Matlab is required for evaluation. We have a python script (tools/evaluate/evaluate_occ.py
) that calls the matlab evaluation program. you can follow
Calling MATLAB from Python
to configure matlab for python.
To evaluate PIOD, you can run:
# Evaluate multiple
python tools/evaluate/evaluate_occ.py --dataset PIOD --occ 1 --epochs "5:20:2" --zip-dir result/piod_saved/test_result
# Evaluate one
python tools/evaluate/evaluate_occ.py --dataset PIOD --occ 1 --zipfile result/piod_saved/test_result/epoch_19_test_result.tar
To evaluate BSDSownership, you can run:
# Evaluate multiple
python tools/evaluate/evaluate_occ.py --dataset BSDSownership --occ 1 --epochs "5:20:2" --zip-dir result/bsdsown_saved/test_result
# Evaluate one
python tools/evaluate/evaluate_occ.py --dataset BSDSownership --occ 1 --zipfile result/bsdsown_saved/test_result/epoch_19_test_result.tar
Trained Models
Here we obtain better performance than those reported in the paper.
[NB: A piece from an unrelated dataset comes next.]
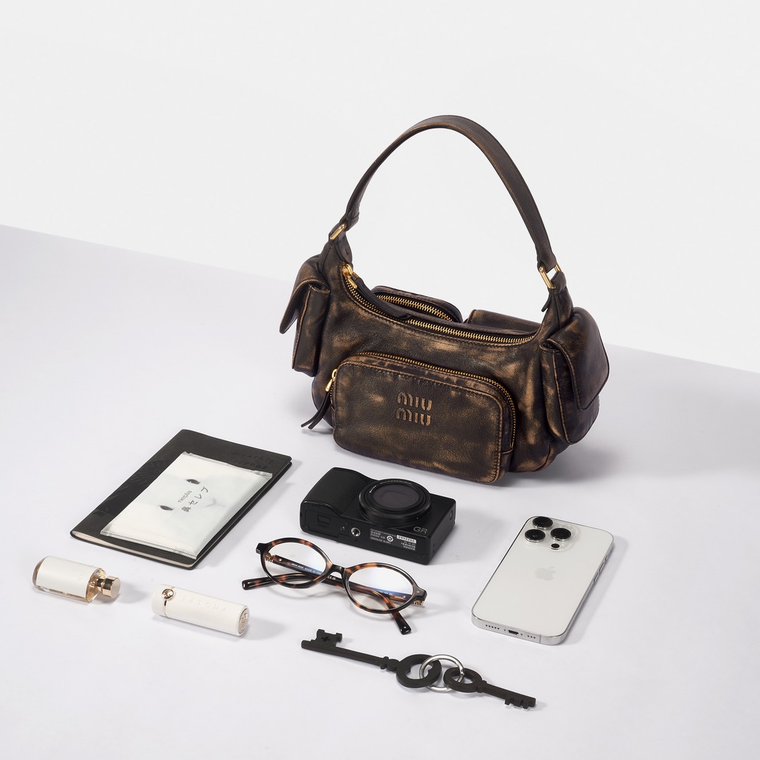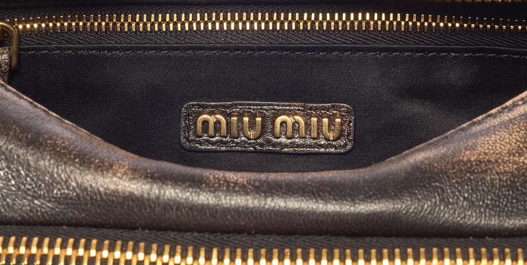 The lining of the bag is made of black cotton satin with a Miu Miu metal logo patch. The 5 pockets plus the main compartment make the total storage space 6 , making the small shoulder bag super large and can be sorted. We put a camera, glasses, mobile phone, notebook, makeup items and keys in the bag. If you make good use of the 5 small pockets, the functionality will be up~
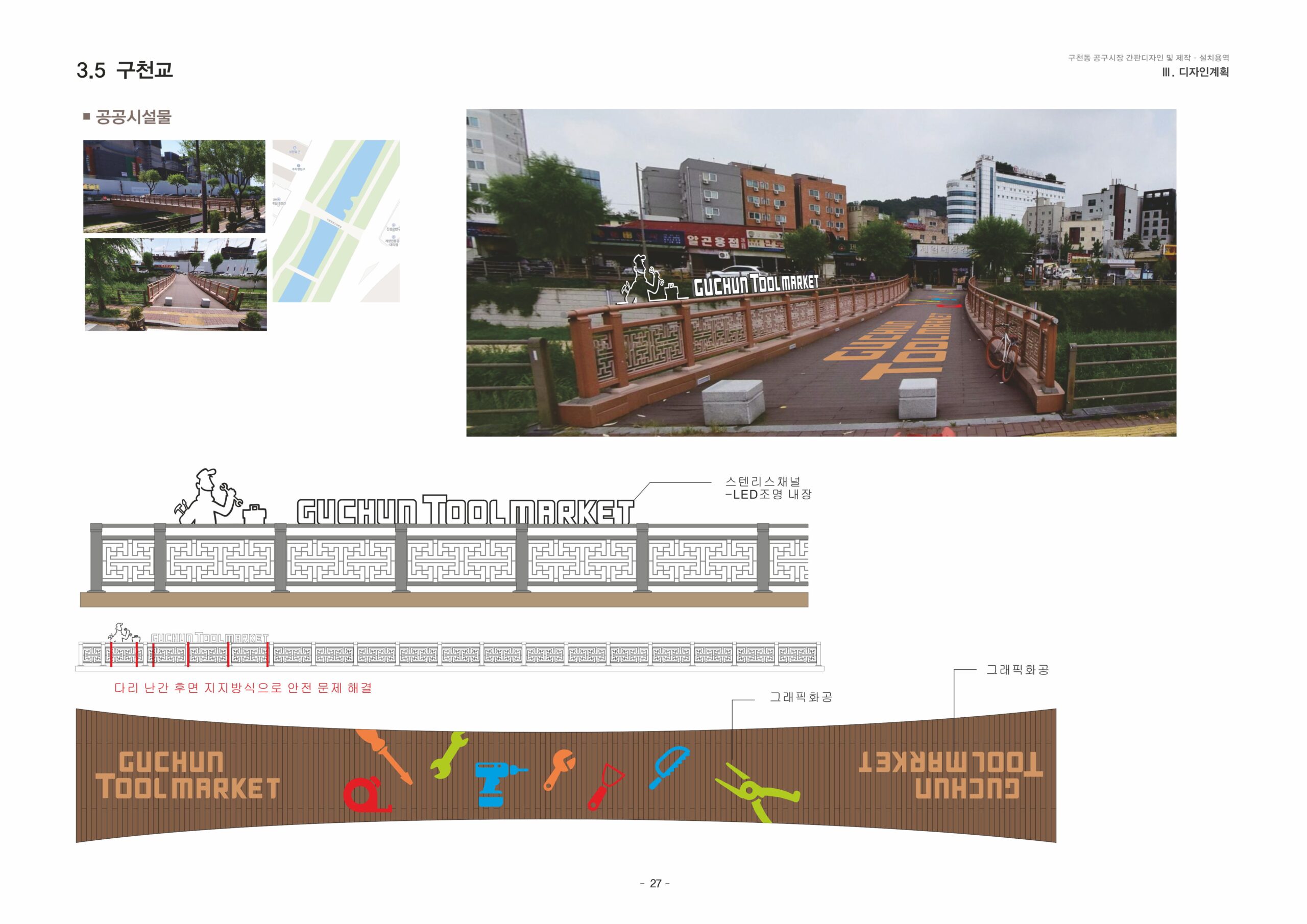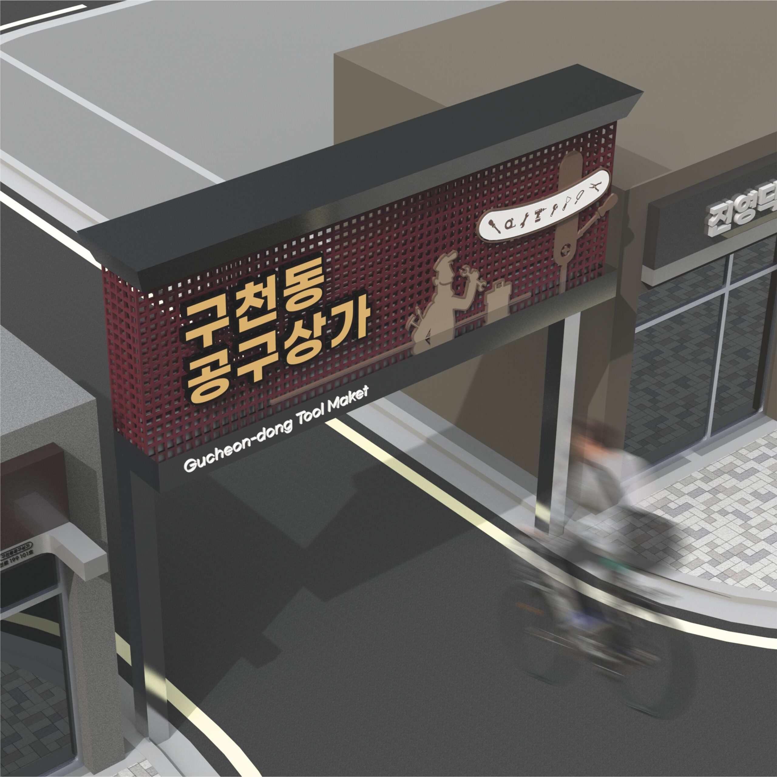 전통을 가진 역사깊은 구천동 공구시장의 복잡한 거리를 개선하여 공구시장을 찾는 고객들에게 정확한 정보를 전달하고 상인들에게 웃음을 주는 거리로 만들고자 합니다.

Dataset | B-ODS | B-OIS | B-AP | O-ODS | O-OIS | O-AP | model | test result |
---|---|---|---|---|---|---|---|---|
PIOD | 80.0 | 80.5 | 84.3 | 77.5 | 77.9 | 80.8 | PIOD_model.pth | PIOD_test.tar |
BSDS ownership | 68.3 | 71.4 | 69.0 | 62.2 | 65.0 | 60.9 | BSDSown_model.pth | BSDSown_test.tar |
Acknowledgement
The evaluation code tools/doobscripts
is based on DOOBNet/doobscripts. Thanks to the contributors of DOOBNet.
We use the ResNet50 with pretrained from PyTorch-Encoding. Thanks to the contributors of PyTorch-Encoding.